--- TASK STATEMENT ---
Look in the data below for the line that has "12月1日,德州市泓呈启新能", then print exactly every line from there through the line that has "すると「最近はAIでも自分か", leaving pictures out.

--- ENTRIES SUPPLIED ---
= = = = = = =
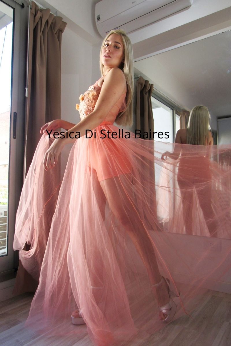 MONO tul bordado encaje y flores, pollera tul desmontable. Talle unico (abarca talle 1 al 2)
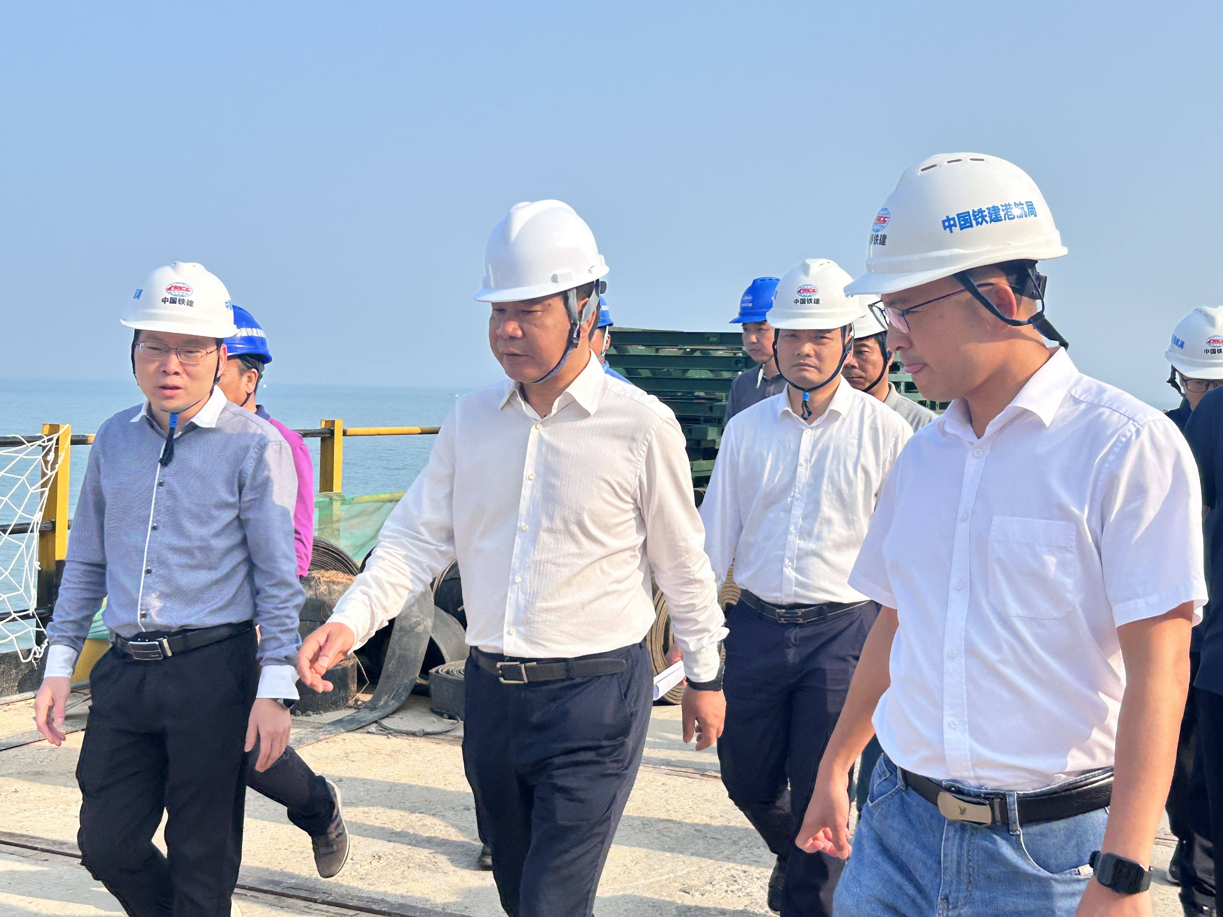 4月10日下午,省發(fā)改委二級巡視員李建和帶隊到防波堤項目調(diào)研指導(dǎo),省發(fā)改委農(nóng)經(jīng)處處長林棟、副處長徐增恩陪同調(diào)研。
= = = = = = =
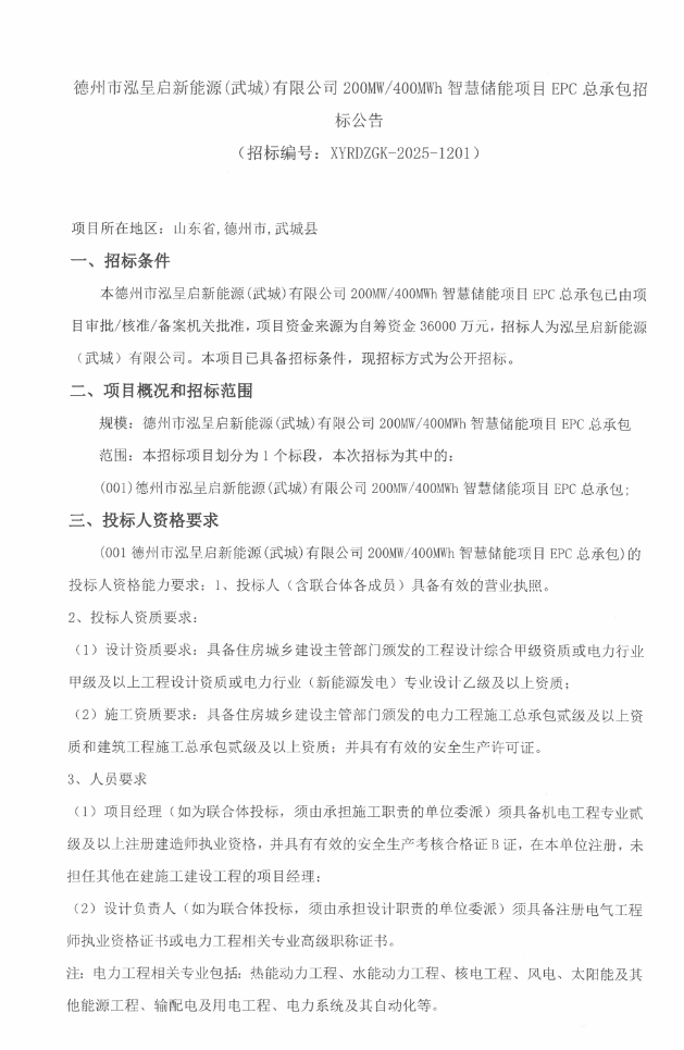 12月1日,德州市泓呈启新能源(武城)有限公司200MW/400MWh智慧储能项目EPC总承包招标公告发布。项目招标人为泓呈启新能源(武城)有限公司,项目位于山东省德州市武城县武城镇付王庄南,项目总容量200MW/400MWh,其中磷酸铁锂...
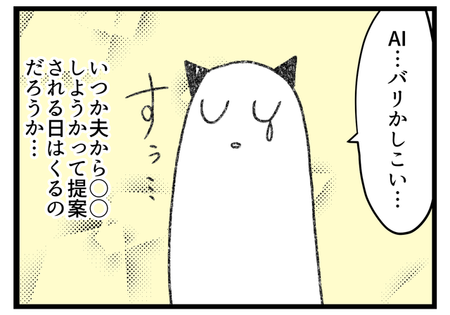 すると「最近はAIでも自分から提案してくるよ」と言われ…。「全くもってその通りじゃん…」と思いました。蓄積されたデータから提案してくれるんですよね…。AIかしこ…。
= = = = = = =
--- WRITTEN SOLUTION ---
 12月1日,德州市泓呈启新能源(武城)有限公司200MW/400MWh智慧储能项目EPC总承包招标公告发布。项目招标人为泓呈启新能源(武城)有限公司,项目位于山东省德州市武城县武城镇付王庄南,项目总容量200MW/400MWh,其中磷酸铁锂...
 すると「最近はAIでも自分から提案してくるよ」と言われ…。「全くもってその通りじゃん…」と思いました。蓄積されたデータから提案してくれるんですよね…。AIかしこ…。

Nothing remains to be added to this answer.